In a dry round bottom flask acetic acid (950 ml) and 4-fluoro-2-methoxyaniline (380 gms) were added. The reaction mass was stirred at 25-30°C for 10-15 minutes. Acetic anhydride (439 gms) was added slowly to the reaction mass at 25- 35°C in 1.0-2.0 hrs. The reaction mass was heated to 90°C and stirred at same temperature for 3.0-5.0 hrs. The reaction mass was decomposed into water (1000 ml) and stirred at 25-30°C for 1.0-2.0 hrs. The solid was filtered and washed with water (300 ml).
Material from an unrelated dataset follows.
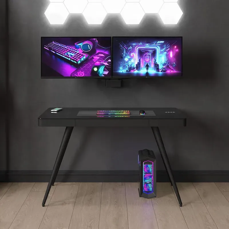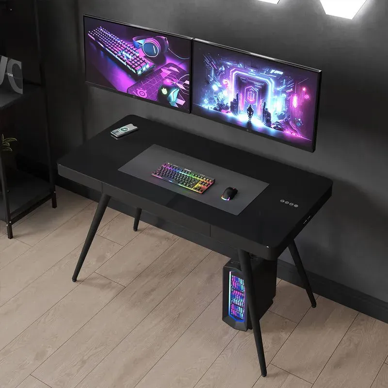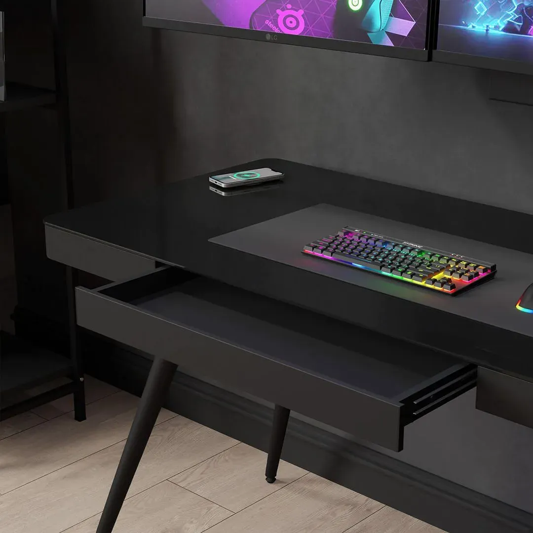The TORI 4.0 Gaming Desk revolutionises workstations with cutting-edge features exclusive to the UK market. It boasts a magnetic charging station and upgraded USB ports for seamless laptop charging, ensuring uninterrupted gameplay. Enhanced Bluetooth speakers, controlled by touch-sensitive buttons, elevate your gaming experience. Its spacious felt-lined drawer keeps your workspace organised, accommodating large laptops and accessories. Finished in sleek midnight black metal and glass, setup is quick and easy, completing in just 10 minutes with two people, allowing more time for gaming domination.

The reaction mass was extracted with ethyl acetate (2000 ml). Total organic layers were washed with NaHC0 ₃ solution (NaHC0 ₃ (100 gms) + water-4 (500 ml)) followed by washed with water (1000 ml), then washed with brine solution (NaCl (50 gms) + water-6(250 ml)) and dried over sodium sulphate (200 gms). The solvent was distilled out under vacuum. Petroleum ether (500 ml) was added to the residue and cooled to below 10°C and stirred for 30 minutes. The solid was filtered off and washed with petroleum ether (150 ml). The solid was dried at 50-60°C for 3-5 hrs (Yield - 410 gms; 83.13%).
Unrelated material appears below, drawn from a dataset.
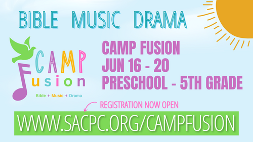 We only have a few spots left for children age three through those having completed 5th grade at our Summer Camp Fusion program! Camp Fusion is coming up June 16-20th and we don't want you to miss out! Tell your friends and neighbors! The theme this year is "CAMP FUSION - PUTTING OUR TRUST IN GOD"

Step D - process for the preparation of N-(4-fluoro-2-methoxy-5-nitrophenyl) acetamide:

In a dry round bottom flask sulfuric acid (1025 ml) and N-(4-fluoro-2- methoxyphenyl)acetamide (410 gms) were added. The reaction mass was cooled to 0°C. Fuming nitric acid was added to reaction mass at 0-5°C in 4-6 hrs and stirred at 0°C for 1.0-2.0 hrs. The reaction mass was slowly decomposed into chilled water (3500 ml). The reaction mass was stirred for 1.0 - 2.0 hrs. The reaction mass was stirred at 25-35°C for 3.0 hrs. The solid was filtered, washed with water (1000 ml) and dried at 50-60°C for 3-5 hrs (Yield - 400 gms; 78.30%). Step E - Process for the preparation of 4-fluoro-2-methoxy-5-nitroaniline:

In a clean and dry round bottom flask methanol (400 ml) and N-(4-fluoro-2- methoxy-5-nitrophenyl)acetamide (400 gms) were added. Hydrochloric acid was added to the reaction mass at 25-35°C. The reaction mass was then heated to reflux and stirred at reflux for 3.0-5.0 hrs. The solvent was completely distilled out under vacuum, and cooled the reaction mass to 10°C and stirred for 2.0-3.0 hrs. The solid was filtered and taken into another round bottom flask then water (500 ml) added. The reaction mass pH was adjusted to 9.0 with NaOH solution and the reaction mass was extracted with ethyl acetate (2000 ml). The organic layer was washed with brine solution (NaCl (100 gms) + water-2(500 ml)) and dried over sodium sulphate. The solvent was distilled out under vacuum. Petroleum ether (1000 ml) was added to the residue, cooled to below 10°C and stirred for 30 minutes. The solid was filtered, and washed with petroleum ether (250 ml) and finally dried at 50-60°C for 3-5 hrs (Yield - 240 gms; 73.55%).